* _Work request_
The task for the listing below is to write out exactly the lines starting at the one containing "Bước 3: Bấm" and ending at the one containing "Состав: 92-хб 8-пэ", both included. Pictures are to be omitted.

* _Source information_
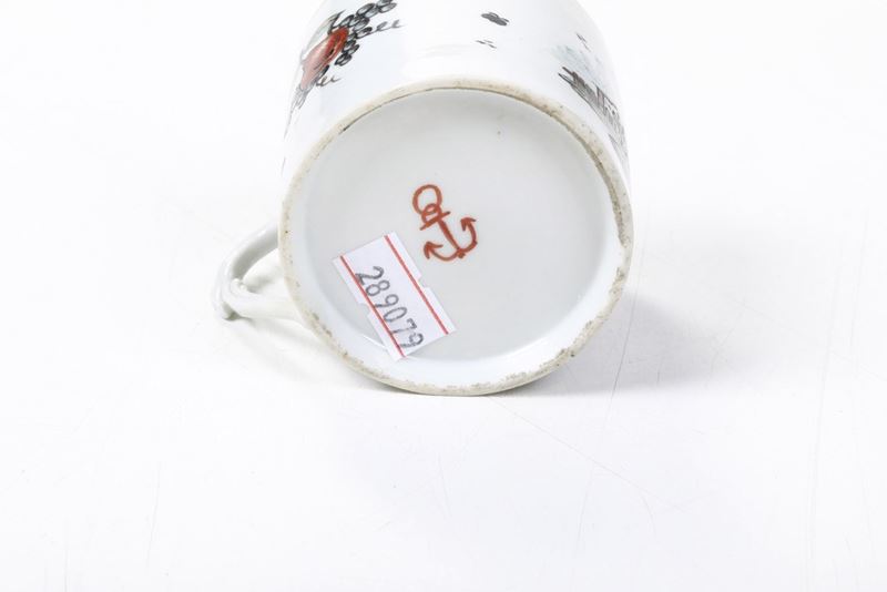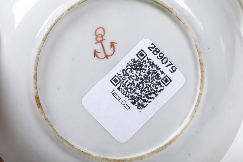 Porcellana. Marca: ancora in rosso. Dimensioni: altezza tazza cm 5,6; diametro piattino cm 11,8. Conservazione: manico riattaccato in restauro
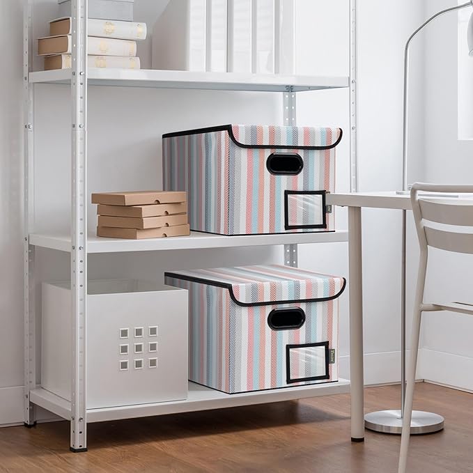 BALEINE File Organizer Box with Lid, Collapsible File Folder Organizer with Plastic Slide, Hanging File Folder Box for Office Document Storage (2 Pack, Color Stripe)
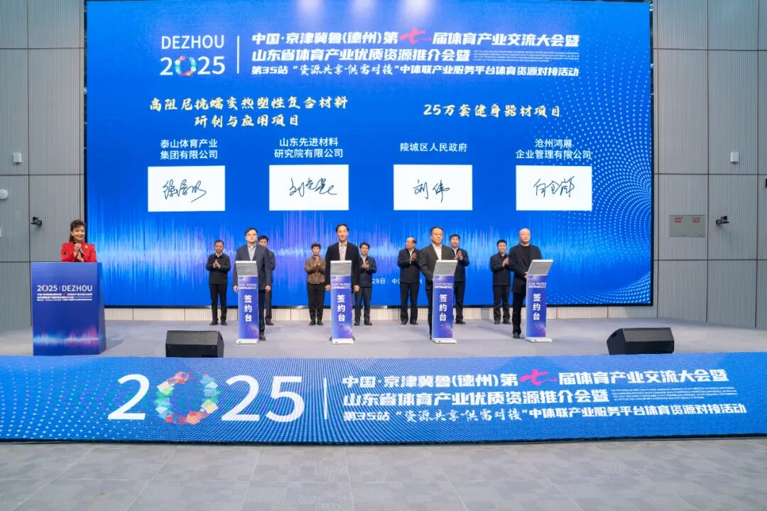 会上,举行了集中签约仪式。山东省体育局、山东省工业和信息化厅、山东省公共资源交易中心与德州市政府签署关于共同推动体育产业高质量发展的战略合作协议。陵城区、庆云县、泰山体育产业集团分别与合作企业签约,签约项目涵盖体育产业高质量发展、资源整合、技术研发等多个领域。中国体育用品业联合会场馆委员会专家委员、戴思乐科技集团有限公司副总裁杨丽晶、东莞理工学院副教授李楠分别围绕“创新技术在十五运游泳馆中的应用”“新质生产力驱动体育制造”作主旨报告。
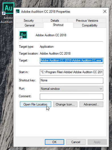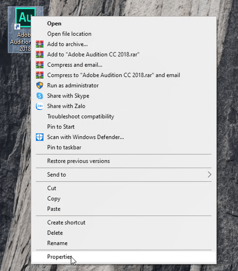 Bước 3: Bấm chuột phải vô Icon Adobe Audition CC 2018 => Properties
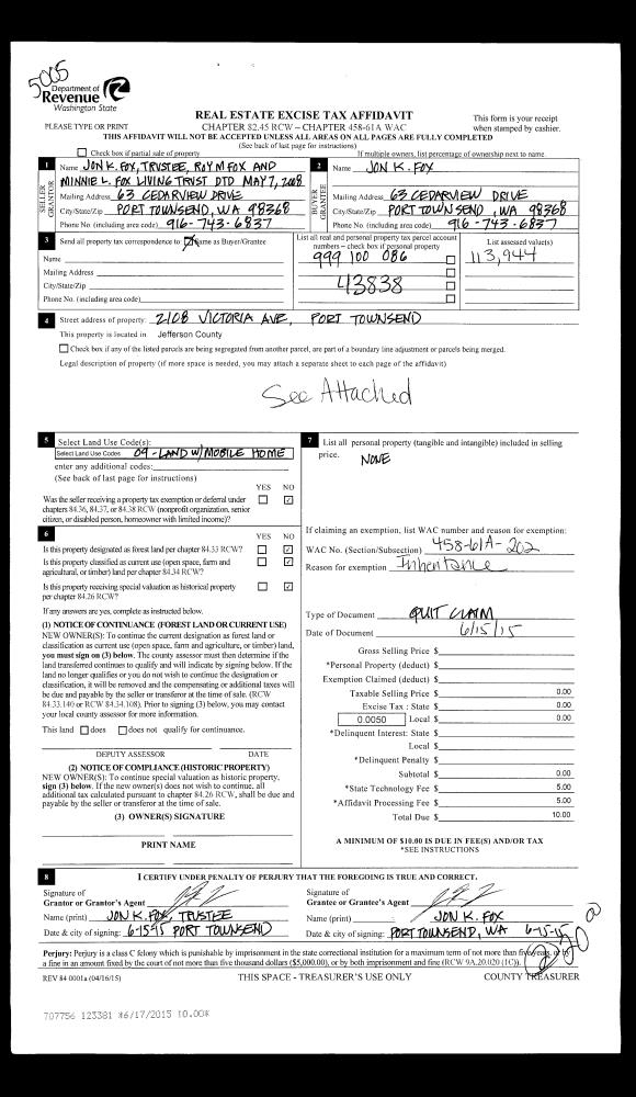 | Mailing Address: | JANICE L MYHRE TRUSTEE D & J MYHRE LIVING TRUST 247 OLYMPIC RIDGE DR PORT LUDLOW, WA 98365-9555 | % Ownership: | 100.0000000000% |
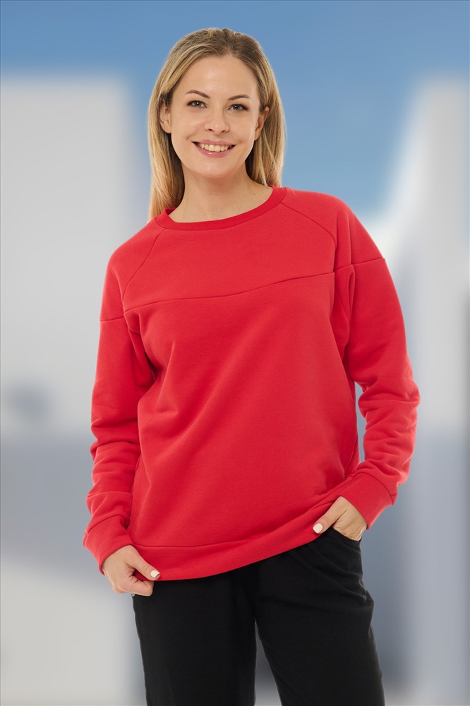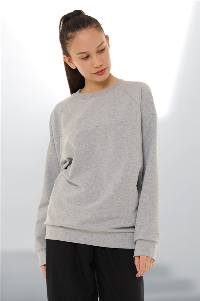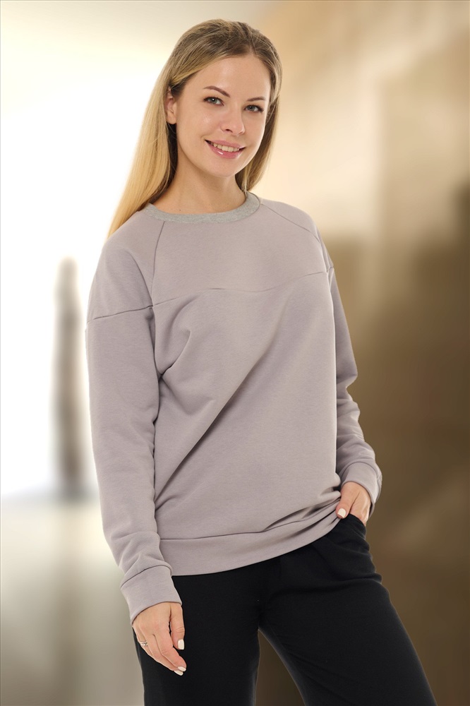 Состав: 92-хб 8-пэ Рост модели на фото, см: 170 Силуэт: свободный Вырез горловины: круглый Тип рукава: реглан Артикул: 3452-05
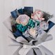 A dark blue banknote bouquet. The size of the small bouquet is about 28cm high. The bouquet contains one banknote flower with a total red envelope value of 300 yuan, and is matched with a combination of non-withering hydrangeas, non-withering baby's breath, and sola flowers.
---
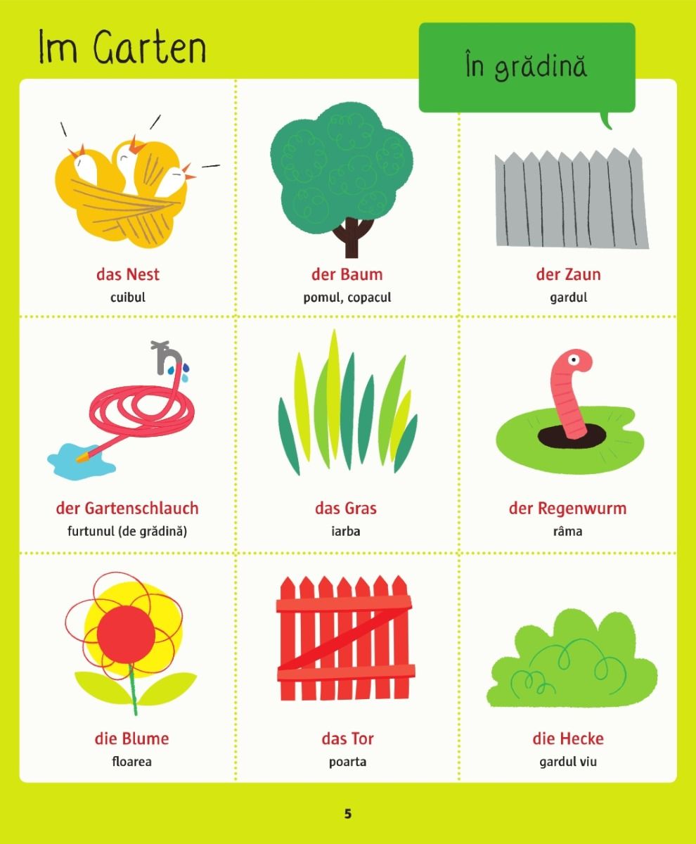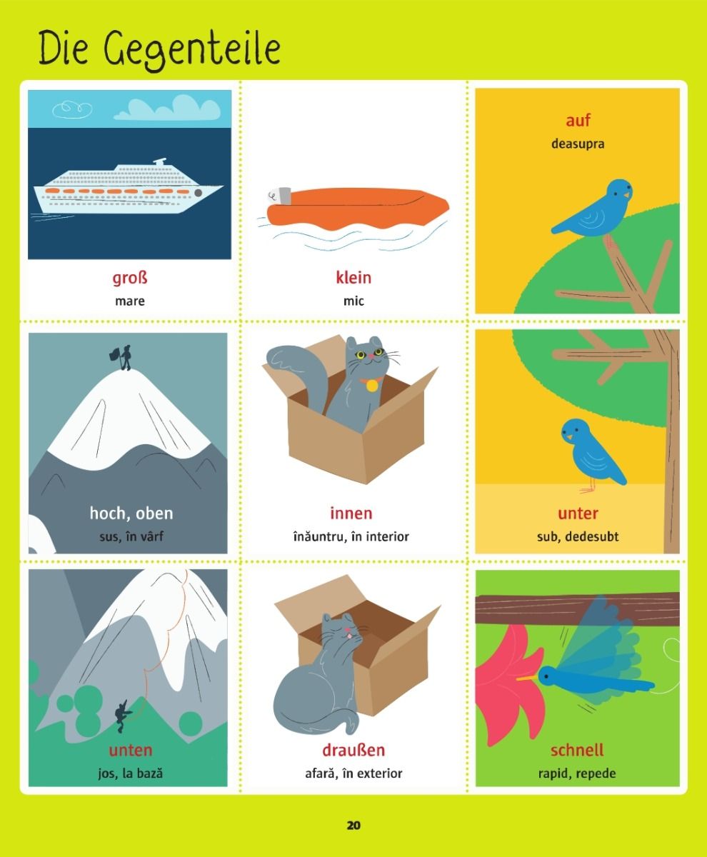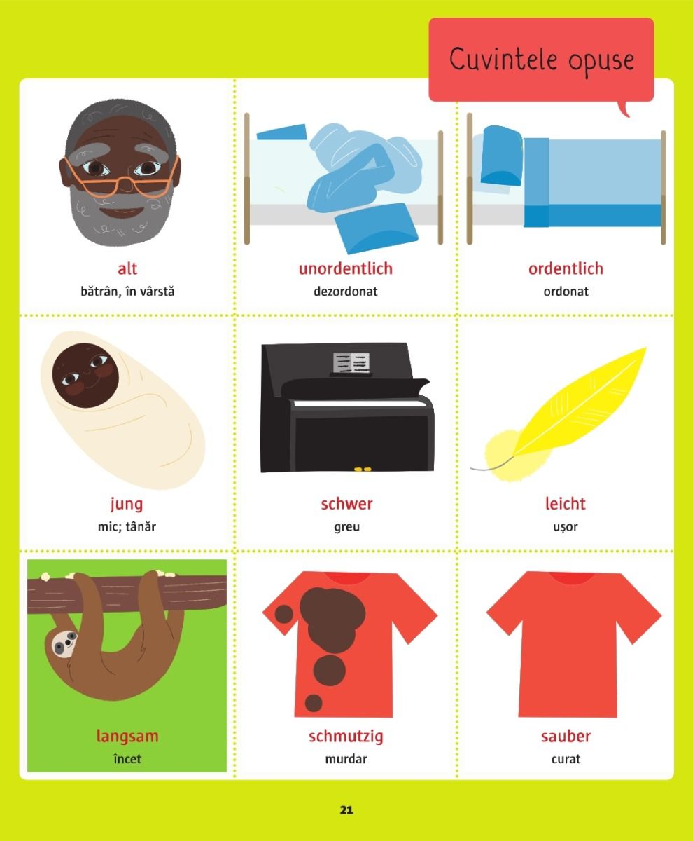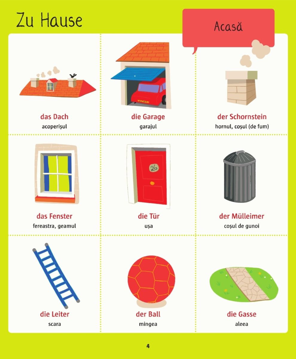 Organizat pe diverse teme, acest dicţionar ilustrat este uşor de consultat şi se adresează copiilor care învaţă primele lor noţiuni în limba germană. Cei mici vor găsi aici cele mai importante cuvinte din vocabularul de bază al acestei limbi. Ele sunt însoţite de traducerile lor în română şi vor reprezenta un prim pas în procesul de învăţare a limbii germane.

* _Answer to this problem_
 Bước 3: Bấm chuột phải vô Icon Adobe Audition CC 2018 => Properties
 | Mailing Address: | JANICE L MYHRE TRUSTEE D & J MYHRE LIVING TRUST 247 OLYMPIC RIDGE DR PORT LUDLOW, WA 98365-9555 | % Ownership: | 100.0000000000% |
 Состав: 92-хб 8-пэ Рост модели на фото, см: 170 Силуэт: свободный Вырез горловины: круглый Тип рукава: реглан Артикул: 3452-05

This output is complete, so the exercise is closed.